#### RECORDS TO PROCESS:
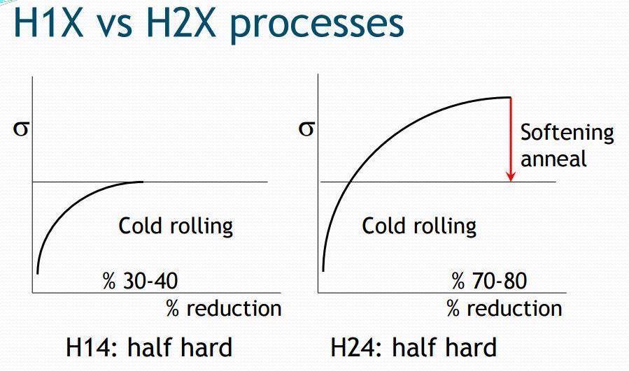 Необходимо отметить, что при одинаковом уровне предела прочности уровень пластичности будет выше в нагартованном и частично отожженном металле (H2X), чем в «чисто» нагартованном металле (H1X) (рисунок 9.2). Поэтому состояния с частичным (смягчающим) отжигом являются более предпочтительными, когда максимальная способность к формовке является главным фактором, например, при глубокой вытяжке .
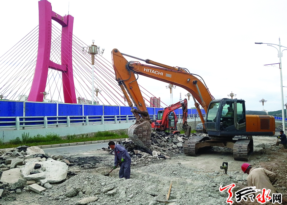 天天天水网讯【记者蔚军平】 7月7日,记者在秦州区藉河南路红桥南端看到,施工机械正在已封闭的区域内进行改迁地下管线的前期作业,随着红桥南接线工程的开工建设,红桥“断头路”的现状将成为历史。
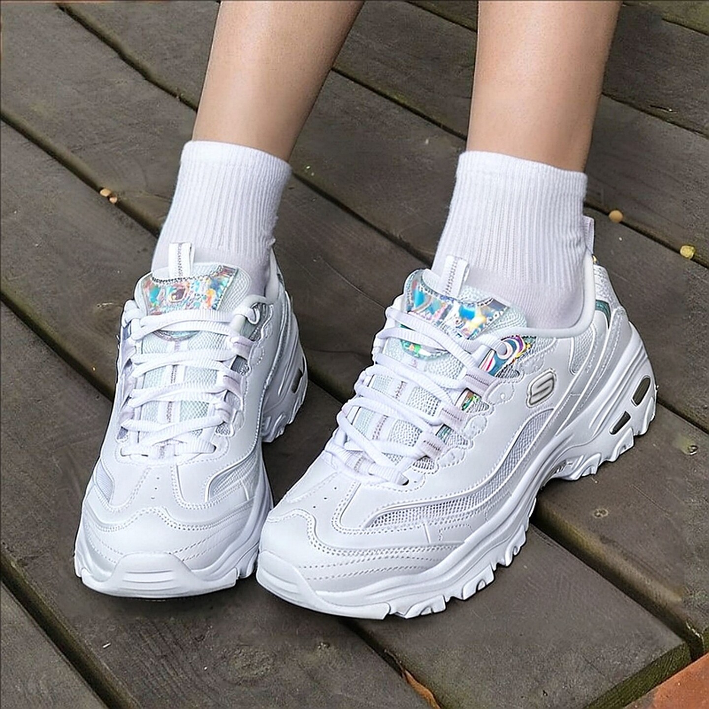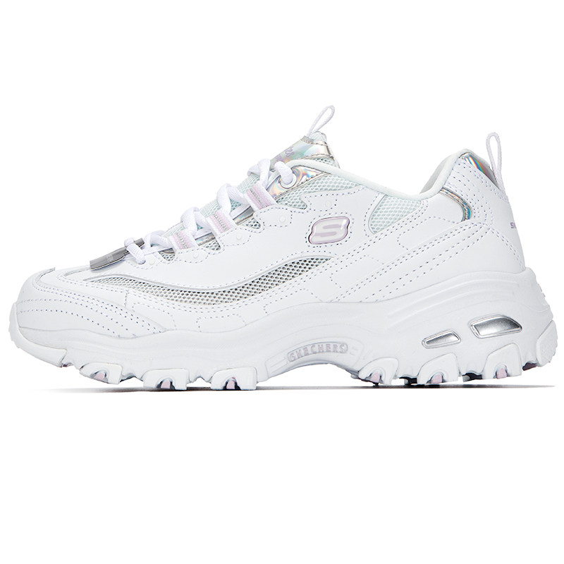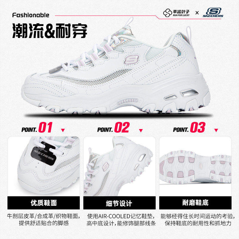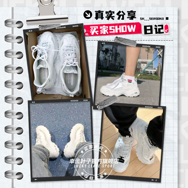 斯凯奇女鞋春季26新款网面透气熊猫鞋厚底老爹鞋运动休闲鞋小白鞋
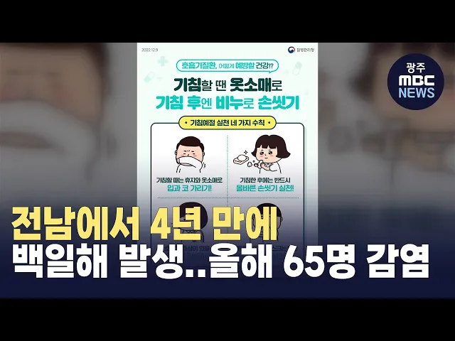 전남에서 4년 만에 백일해가 발생한 가운데올해 현재까지 백일해에 감염된 도민은 65명으로 집계됐습니다.연령별로는 10대가 55명, 84%로 가장 많았고0~9세와 70세 이상에서 각각 3명씩 발생했습니다.백일해는 보르데텔라균에 의해 발생하는제2급 법정감염병으로 콧물과 기침 등 가벼운 증상으로 시작해 심할 경우 구토와 ...
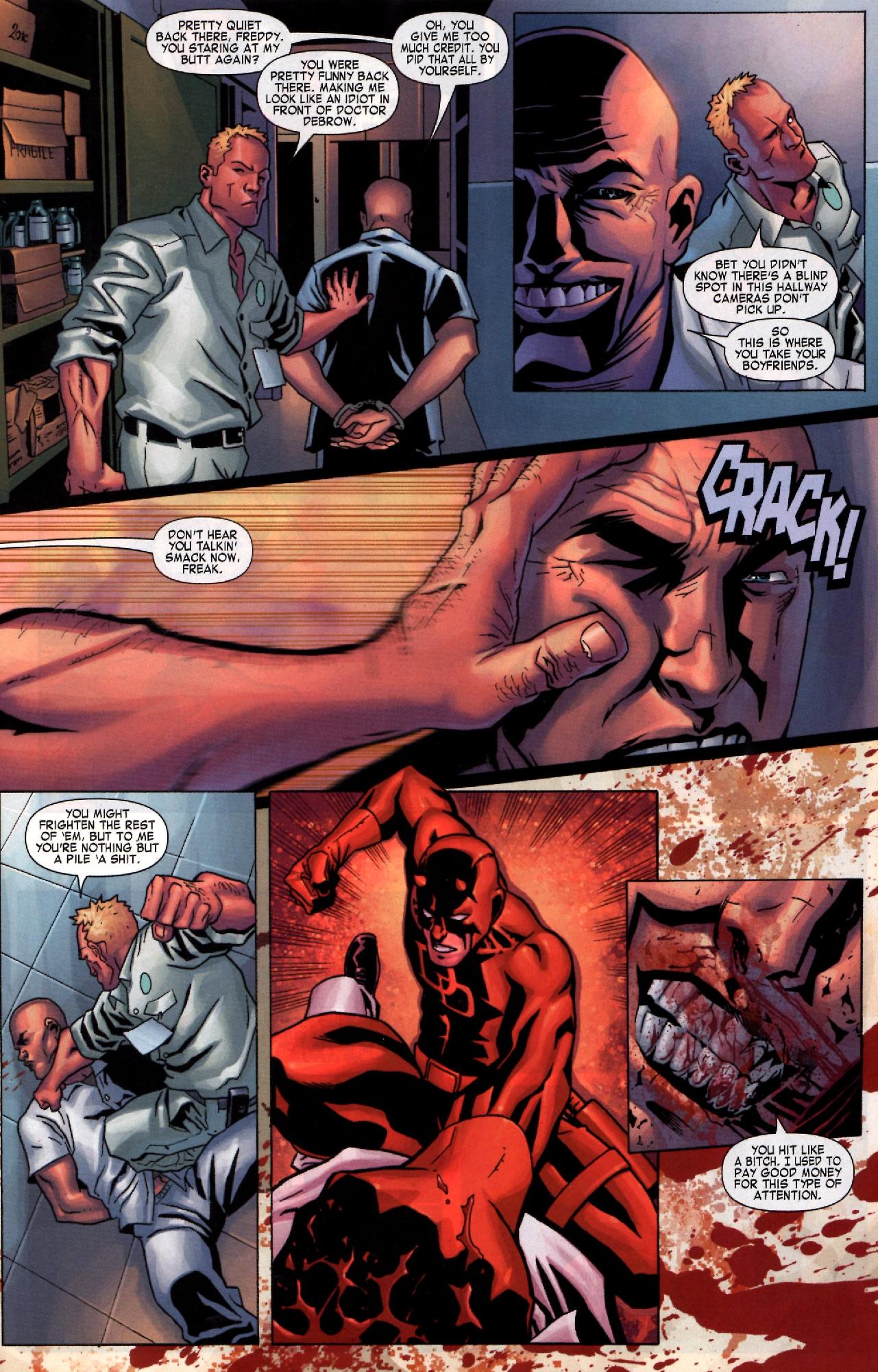 >>45965Me too. I cannot help having a really big attraction to dynamics like that.The best example is one of my favorite arcs in the older comics - despite having the crackiness old comics tend to have - is where Matt lost his memory, and Lester decided to parade around as DD to tarnish his name. Of course, Lester, being mentally unbalanced, let this get to his head and really started thinking he was Daredevil. In turn, when Matt figured things out, he dressed as Bullseye when he faced him. The entire fight was basically a mindfuck, revealing all these very compromising ideals they had of each other while they were pretending to be one another. This page makes me whibble in a very strange way.I really think the only fic out there is the one I've written myself... unless I'm not looking in the right places. It saddens me.

#### GOAL OF THE EXERCISE:
No image belongs in the copy. Transcribe the full listing verbatim.

#### EXPECTED ANSWER:
 Необходимо отметить, что при одинаковом уровне предела прочности уровень пластичности будет выше в нагартованном и частично отожженном металле (H2X), чем в «чисто» нагартованном металле (H1X) (рисунок 9.2). Поэтому состояния с частичным (смягчающим) отжигом являются более предпочтительными, когда максимальная способность к формовке является главным фактором, например, при глубокой вытяжке .
 天天天水网讯【记者蔚军平】 7月7日,记者在秦州区藉河南路红桥南端看到,施工机械正在已封闭的区域内进行改迁地下管线的前期作业,随着红桥南接线工程的开工建设,红桥“断头路”的现状将成为历史。
 斯凯奇女鞋春季26新款网面透气熊猫鞋厚底老爹鞋运动休闲鞋小白鞋
 전남에서 4년 만에 백일해가 발생한 가운데올해 현재까지 백일해에 감염된 도민은 65명으로 집계됐습니다.연령별로는 10대가 55명, 84%로 가장 많았고0~9세와 70세 이상에서 각각 3명씩 발생했습니다.백일해는 보르데텔라균에 의해 발생하는제2급 법정감염병으로 콧물과 기침 등 가벼운 증상으로 시작해 심할 경우 구토와 ...
 >>45965Me too. I cannot help having a really big attraction to dynamics like that.The best example is one of my favorite arcs in the older comics - despite having the crackiness old comics tend to have - is where Matt lost his memory, and Lester decided to parade around as DD to tarnish his name. Of course, Lester, being mentally unbalanced, let this get to his head and really started thinking he was Daredevil. In turn, when Matt figured things out, he dressed as Bullseye when he faced him. The entire fight was basically a mindfuck, revealing all these very compromising ideals they had of each other while they were pretending to be one another. This page makes me whibble in a very strange way.I really think the only fic out there is the one I've written myself... unless I'm not looking in the right places. It saddens me.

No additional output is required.